Abstract
Our objective was to assess the generalizability, across sites and cognitive contexts, of schizophrenia classification based on functional brain connectivity. We tested different training-test scenarios combining fMRI data from 191 schizophrenia patients and 191 matched healthy controls obtained at 6 scanning sites and under different task conditions. Diagnosis classification accuracy generalized well to a novel site and cognitive context provided data from multiple sites were used for classifier training. By contrast, lower classification accuracy was achieved when data from a single distinct site was used for training. These findings indicate that it is beneficial to use multisite data to train fMRI-based classifiers intended for large-scale use in the clinical realm.
1. Introduction
Psychiatrists and other mental health professionals could benefit in the not-so-far future from neuroimaging-based classification tools to assist diagnosis and prognosis in mental illness (Huys et al., 2016). Recent developments in the neuroimaging field have led to a shift from group comparisons based on averaging across subjects to machine learning techniques making prediction at the individual level (Dubois and Adolphs, 2016). In this approach, the emphasis is put on the ability of an algorithm to classify individuals into clinical categories with good generalizability to unseen subjects. Over the last decade, hundreds of studies have successfully classified various psychiatric and neurological disorders based on in vivo brain imaging (reviewed in Arbabshirani et al., 2016; Wolfers et al., 2015). For instance, Arbabshirani et al. (2016) identified 30 published studies that distinguished schizophrenia patients from healthy controls with an average accuracy of 83% using functional magnetic resonance imaging (fMRI), either under task or rest states.

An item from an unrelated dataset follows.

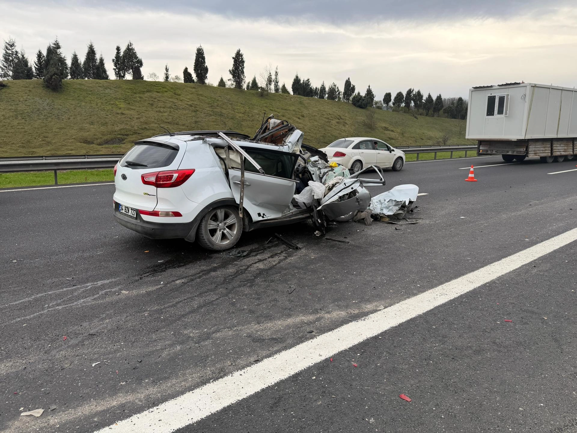 DÜZCE (AA) - Anadolu Otoyolu'nun Düzce kesiminde tıra çarpan SUV tipi araçtaki 1 kişi hayatını kaybetti, 1 kişi yaralandı.

To date, however, the vast majority of classification works in mental illness were performed in a research context, using data from single sites of acquisition. Such findings may not generalize to large-scale clinical settings, with patients being scanned at widely-spread sites and possibly under various mental states. In most cases, the performance of classifiers was only assessed for unseen, test subjects with the exact same characteristics as the sample used for training. Yet, using gender as a proof-of-concept target variable, there was initial evidence that classifiers only poorly generalize to data drawn from other site samples (Huf et al., 2014). The inclusion of data from multiple sites during training improved the classifier performance for data of unseen sites.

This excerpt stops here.